====== SOURCE MATERIAL

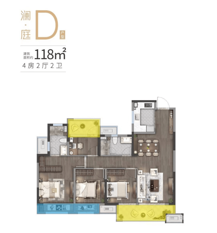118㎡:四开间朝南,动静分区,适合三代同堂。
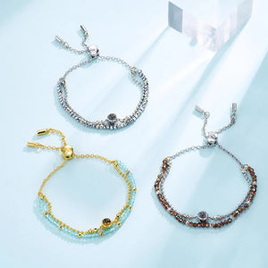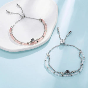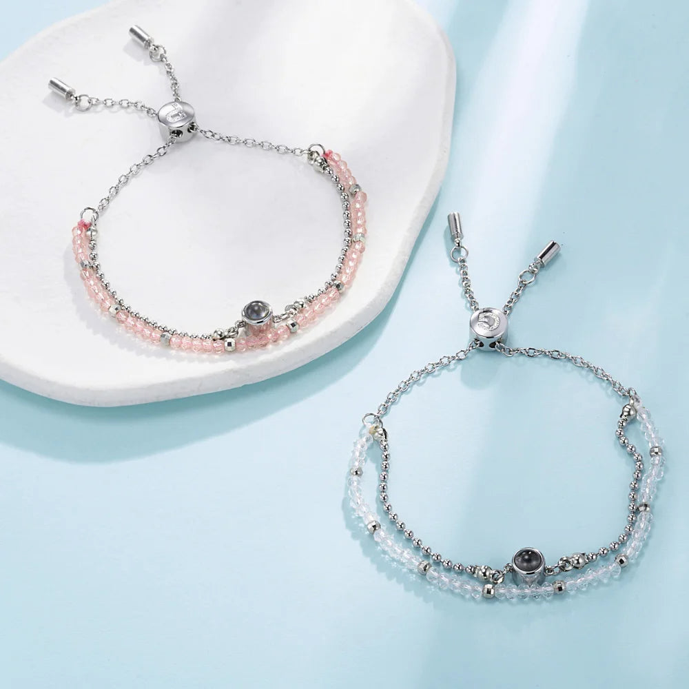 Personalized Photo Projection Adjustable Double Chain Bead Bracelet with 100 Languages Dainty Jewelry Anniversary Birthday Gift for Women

============
====== SOURCE MATERIAL

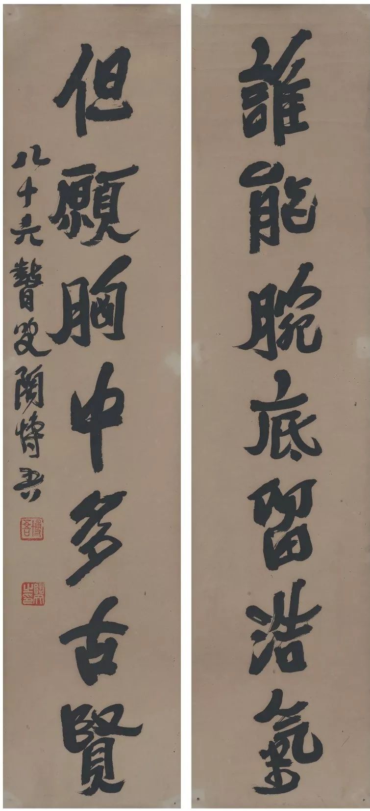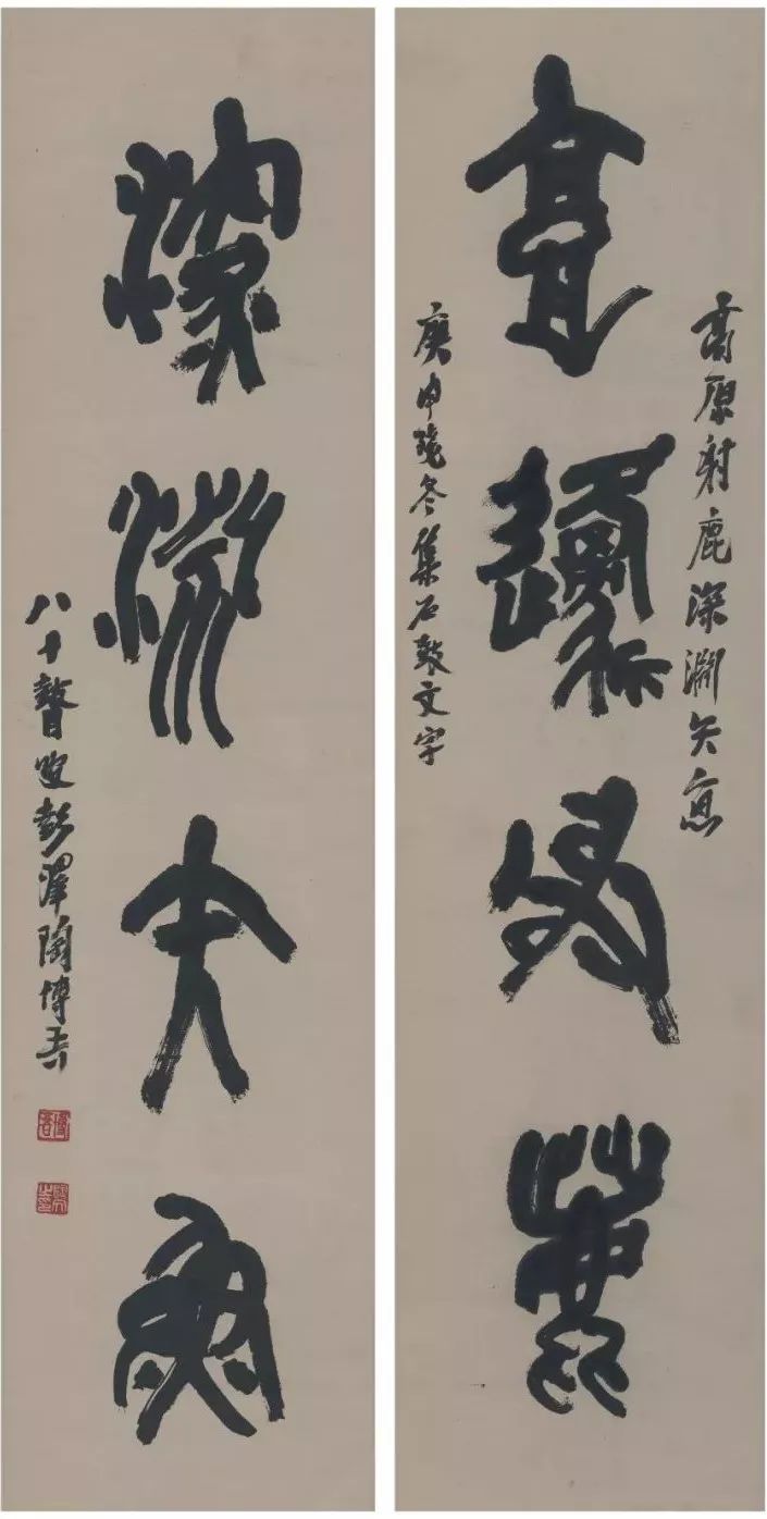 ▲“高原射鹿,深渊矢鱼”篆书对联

============

- _ACTIVITY_: Your reply should consist solely of the lines above from the line containing "118㎡:四开间朝南,动静分区,适合三代同堂。" up to and including the line containing "Personalized Photo Projection", reproduced exactly, minus the pictures.

- _TASK RESPONSE_:
118㎡:四开间朝南,动静分区,适合三代同堂。
 Personalized Photo Projection Adjustable Double Chain Bead Bracelet with 100 Languages Dainty Jewelry Anniversary Birthday Gift for Women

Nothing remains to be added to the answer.